[Stored data entries]
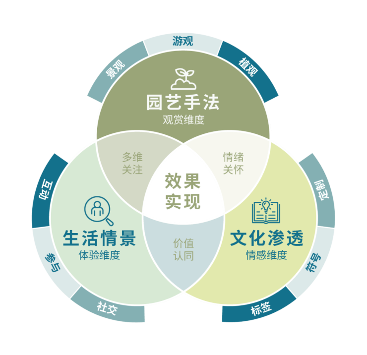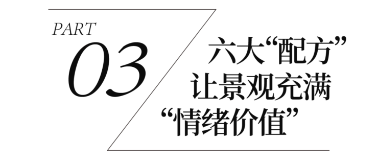我们认为,设计不能只关注效果本身,应该通过更多维的手法使客户在情绪端感受到关注、关怀以及强烈的价值认同感。因此,在景观上,我们会通过园艺手法运用、生活情景打造、在地文化渗透“三维一体”的设计手法,让景观呈现满足情绪共鸣。
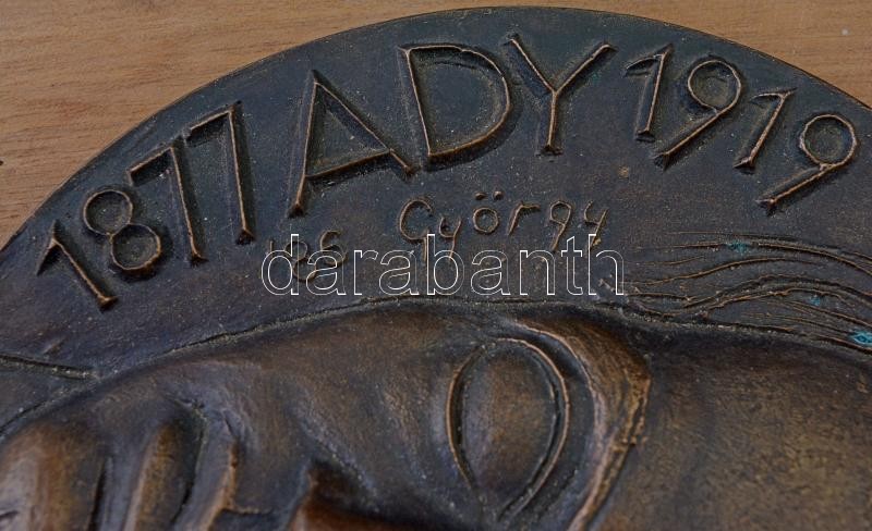 Description: György Albert (1949-) 1986. "Ady 1877-1919 / Ifjú szívekben élek s mindig tovább" Br emlékplakett fa talpon. (145mm) T:1- / Hungary 1986. "Ady 1877-1919 / Ifjú szívekben élek s mindig tovább" Br commemorative plaque on wooden base (145mm) C:AU
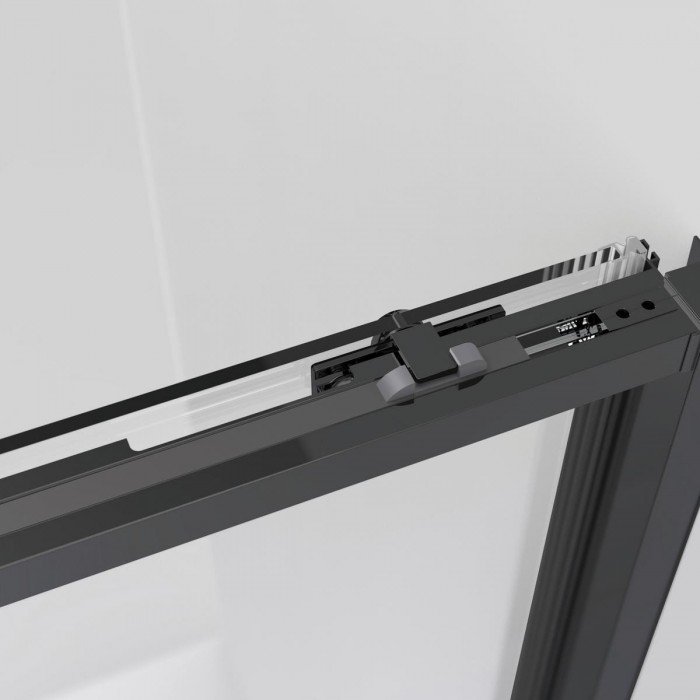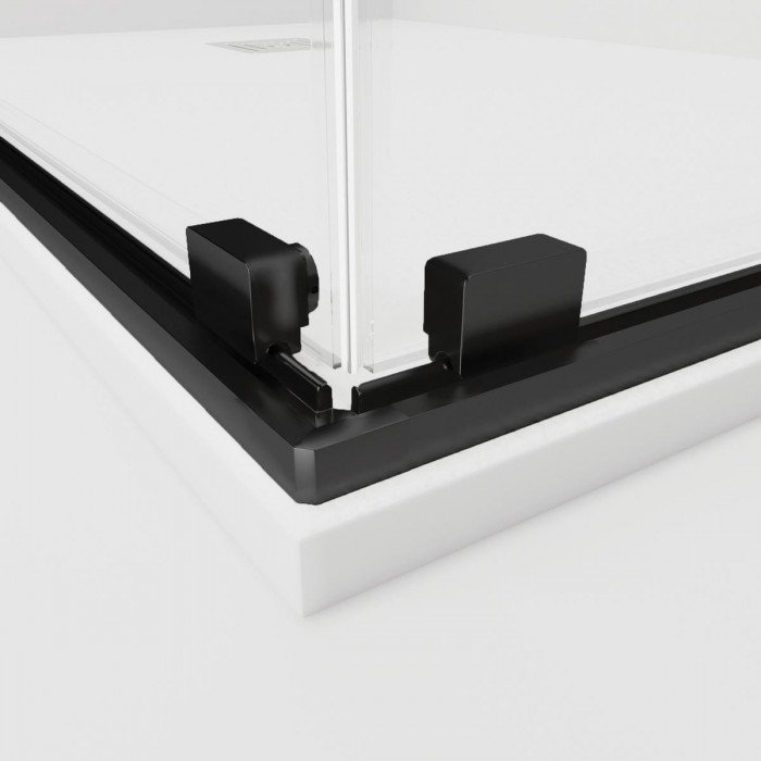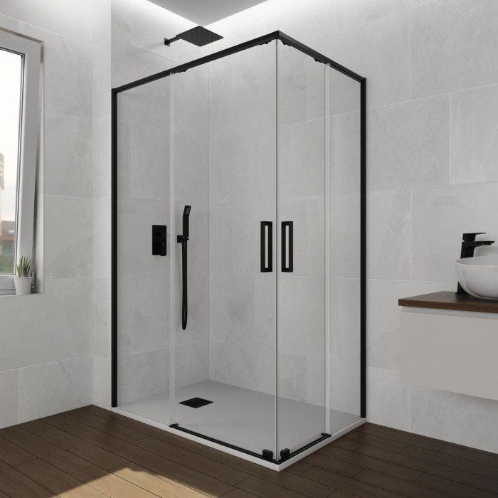 Modelo: Twenty. Altura: 1,95 cm. Medidas: Medidas desde 70 x 70 hasta 120 x 90 cm. Composición: Angular dos fijos más dos correderas. Vidrio: Templado de seguridad transparente. Grosor: Frontal 6 mm. Fácil limpieza: Tratamiento anti-cal aplicado. Perfiles: De aluminio anonizado. Color: Negro mate. Cierre: Amortiguado. Perfil inferior: Sin perfil inferior. Rodamientos: Superiores y regulables.
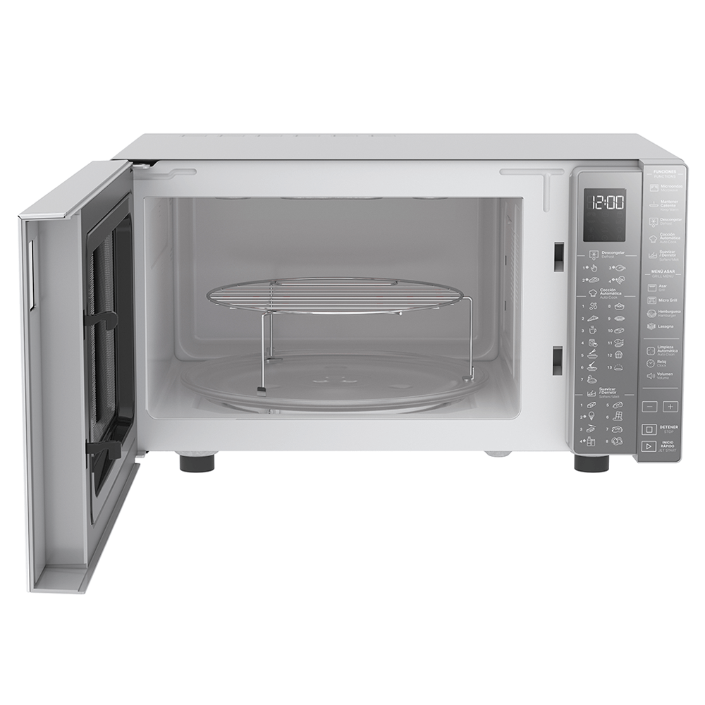 vegetables), and automatic cooking presets for popcorn, pizza, rice, and more.
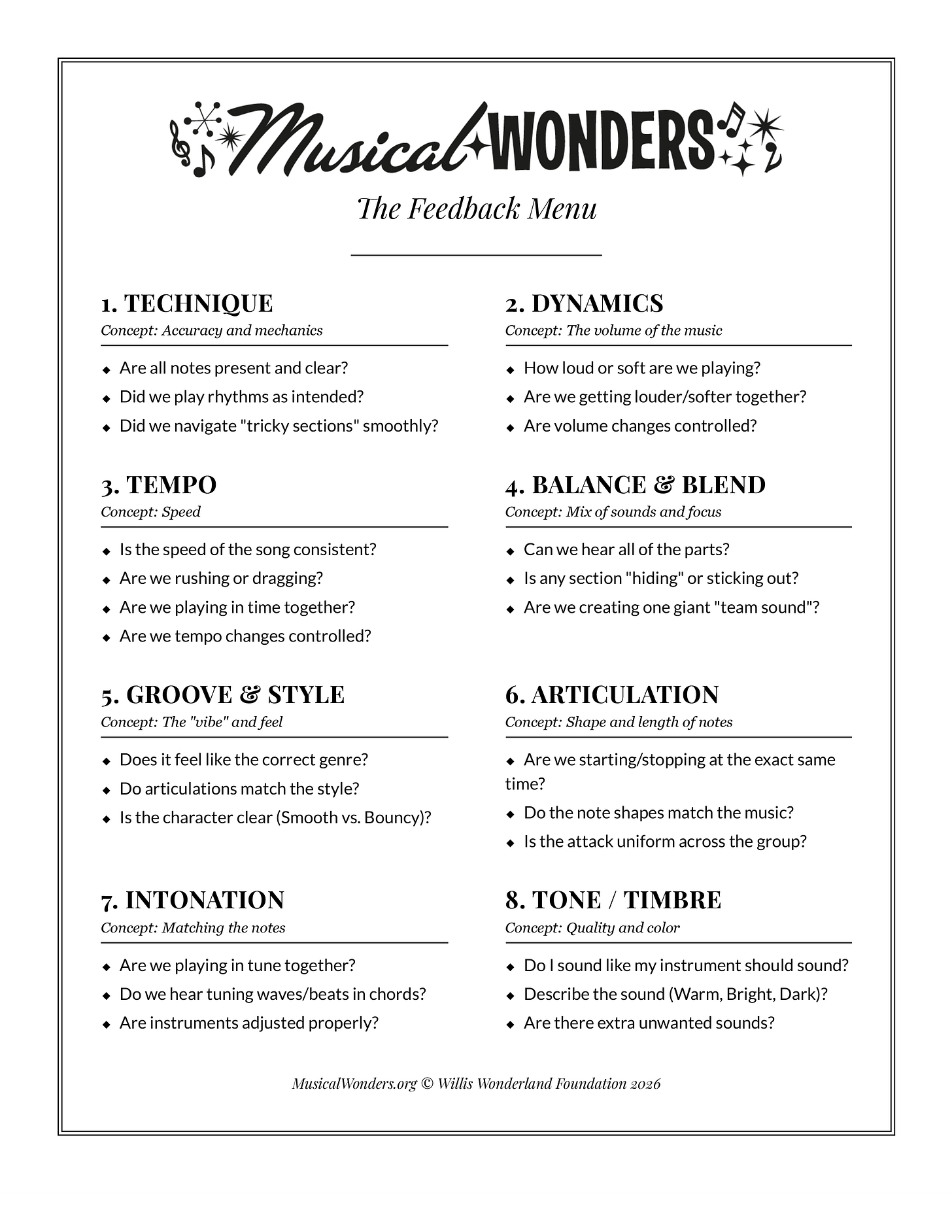 Simply asking the question gives students a moment to think and changes the rehearsal dynamic from “waiting to be told what’s wrong” to “actively listening for things we can improve.” Between these two practices, I find that students are able to identify the problem 90 percent (or more) of the time. If they can’t, I know what fundamentals need to be addressed!

WHAT YOU NEED TO DO> For this exercise, copy the entries above exactly and skip any picture.

FINAL ANSWER>
我们认为,设计不能只关注效果本身,应该通过更多维的手法使客户在情绪端感受到关注、关怀以及强烈的价值认同感。因此,在景观上,我们会通过园艺手法运用、生活情景打造、在地文化渗透“三维一体”的设计手法,让景观呈现满足情绪共鸣。
 Description: György Albert (1949-) 1986. "Ady 1877-1919 / Ifjú szívekben élek s mindig tovább" Br emlékplakett fa talpon. (145mm) T:1- / Hungary 1986. "Ady 1877-1919 / Ifjú szívekben élek s mindig tovább" Br commemorative plaque on wooden base (145mm) C:AU
 Modelo: Twenty. Altura: 1,95 cm. Medidas: Medidas desde 70 x 70 hasta 120 x 90 cm. Composición: Angular dos fijos más dos correderas. Vidrio: Templado de seguridad transparente. Grosor: Frontal 6 mm. Fácil limpieza: Tratamiento anti-cal aplicado. Perfiles: De aluminio anonizado. Color: Negro mate. Cierre: Amortiguado. Perfil inferior: Sin perfil inferior. Rodamientos: Superiores y regulables.
 vegetables), and automatic cooking presets for popcorn, pizza, rice, and more.
 Simply asking the question gives students a moment to think and changes the rehearsal dynamic from “waiting to be told what’s wrong” to “actively listening for things we can improve.” Between these two practices, I find that students are able to identify the problem 90 percent (or more) of the time. If they can’t, I know what fundamentals need to be addressed!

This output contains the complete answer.